Not usually stuck with the design for a cabinet, but, this one is getting me. I may be overthinking this and screwing myself up, but I am in need of some advice on the design.

I am making a custom cabinet on Tuesday for my church. We are getting a dbl oven, Kenmore Elite Stainless Steel 30'' Double Wall Oven 4813, on Monday, so I am going to go in and build the cabinet on Tues.

It will not be your typical cabinet, made entirely out of wood, it will have a 2×3 skeleton, with drywall exterior. I will be making an opening with doors on top and bottom.

I found the opening for the oven in the specs, but I am finding that I can't remember how high the top of the opening should be, so I can set the rest of the dimensions from it.

Also, I am thinking of making the exterior finish size to be 36" W x 27" D x 96" H. We wanted it to go to the bottom of the soffit we are going to be building later.

Also, over the drywall, I will be putting on wall board that can easily be wiped down, making it easier for the folks who will be using it to clean it.

I want to make it larger than necessary on the sides and in the back to allow for dispersion of heat, so I won't have any issues with my finish exterior skin. Do you think this is over thinking it?

Anyway, any help would be greatly appreciated.


----------



## rhett (May 11, 2008)

If I were asked to tackle this project, I would build a cabinet out of construction grade plywood and then just skin it with drywall.
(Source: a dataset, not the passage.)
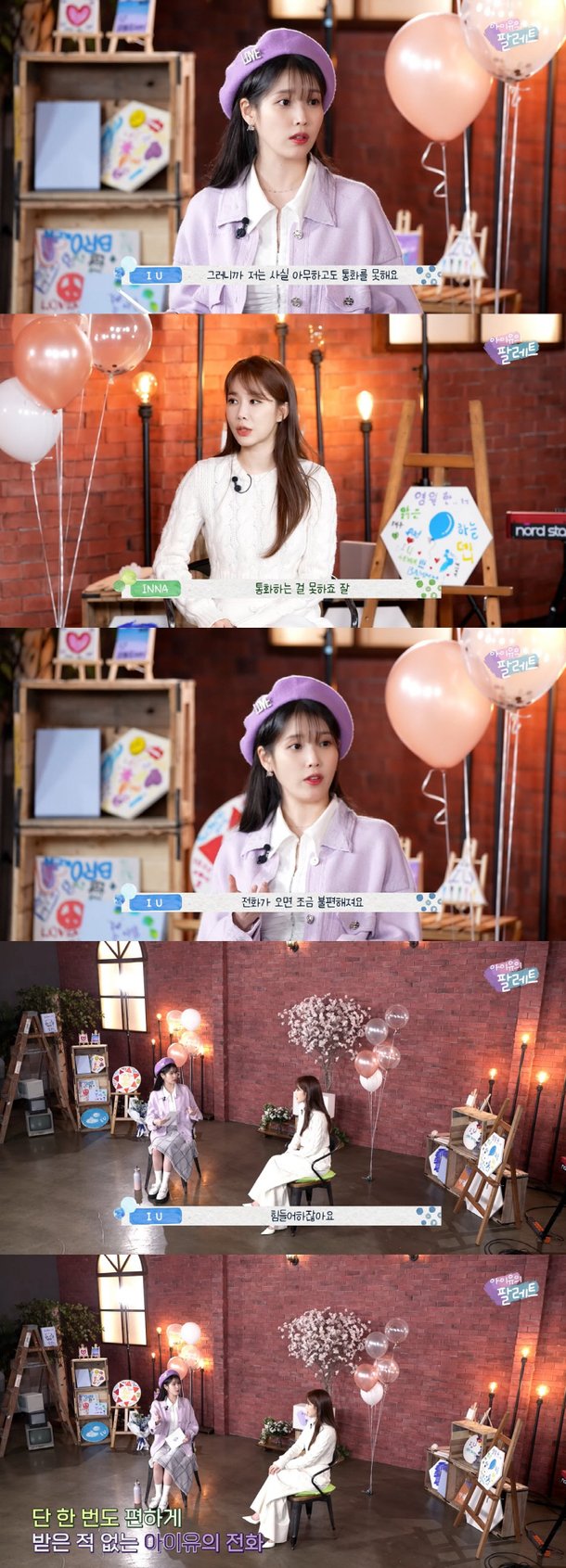 아이유는 "가만히 앉아서 통화를 잘 못한다. 엄마랑 통화를 하더라도 조금 불편하다. 안 불편한 사람은 매니저 오빠다. 워낙 일 얘기를 할 게 많아서 그런 것 같다. 심지어 인나 씨와 통화하는 것도 힘들어한다. 사실 아무하고도 통화를 못한다"며 전화 공포증을 갖고 있음을 알렸다.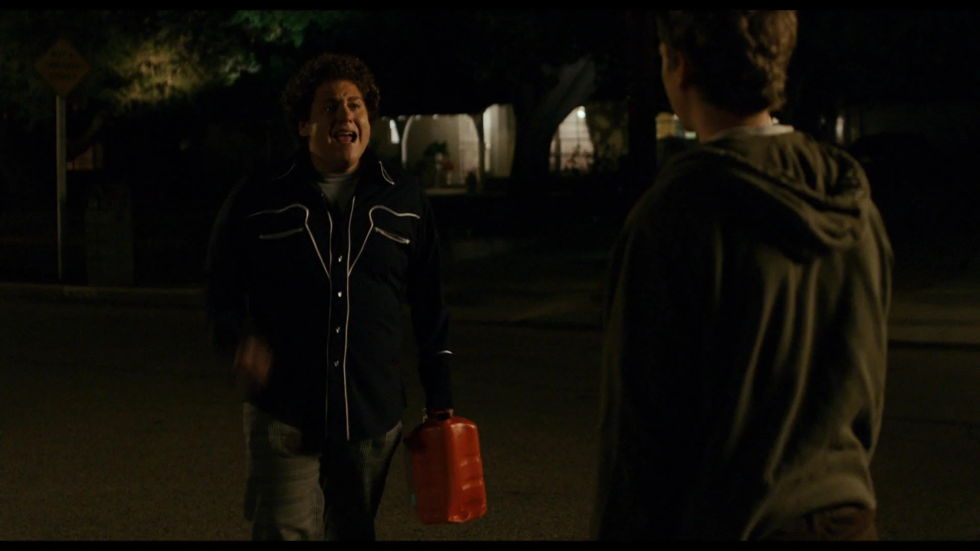 Seth and Evan begin fighting in the street, shoving one another back and forth. At the same time, Fogell and the cops get back in their cop car and continue with their night of joy rides.

It would be easier to keep square and build.

The height will be whatever the shortest cook can operate comfortably.


----------



## dfletcher (Jan 14, 2010)

Rhett, thanks, I think your right, which is what I was contemplating. Making this a bit easier, for sure.

My thought is that I am just slightly taller that the person who is the main cook, so I think I will just adjust from me and go with that.

I almost can't wait until this is done.


----------



## dfletcher (Jan 14, 2010)

bentlyj, thank you very much. That was what I was looking for, just couldn't find.

I knew I would get my answers. Now I really can't wait to post this project when it is done.


----------